▸ **What to work on**: Take the line that contains "Globos Chrome látex" and each line after it to the end of the material below, and return them exactly, minus the pictures.

▸ **Collected data**:
┄┄┄┄┄┄┄┄┄┄

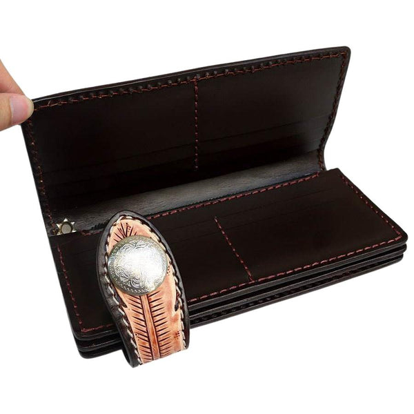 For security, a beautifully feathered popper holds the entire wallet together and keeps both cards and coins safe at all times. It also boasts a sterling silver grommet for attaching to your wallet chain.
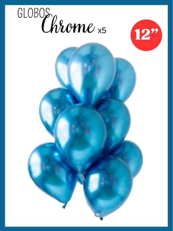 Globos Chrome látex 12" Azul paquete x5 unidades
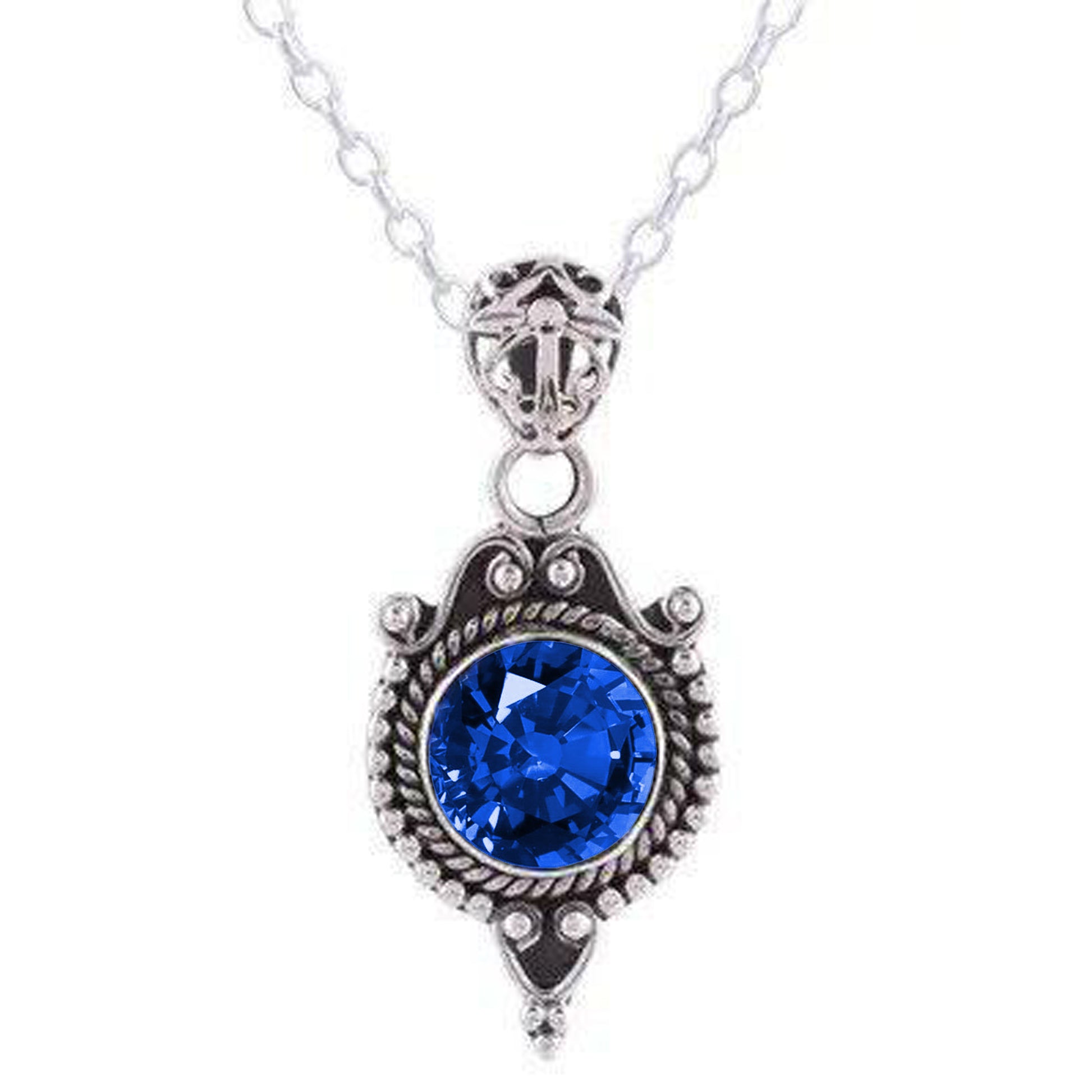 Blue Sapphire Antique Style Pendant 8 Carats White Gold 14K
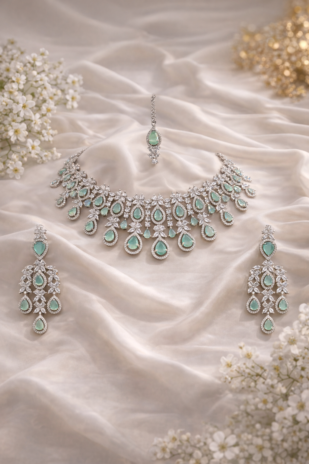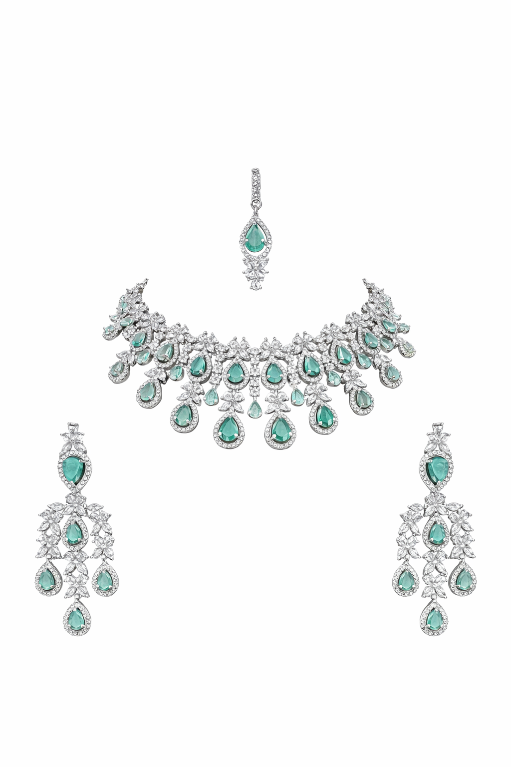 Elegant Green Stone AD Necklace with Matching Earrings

┄┄┄┄┄┄┄┄┄┄

▸ **Finished task**:
 Globos Chrome látex 12" Azul paquete x5 unidades
 Blue Sapphire Antique Style Pendant 8 Carats White Gold 14K
 Elegant Green Stone AD Necklace with Matching Earrings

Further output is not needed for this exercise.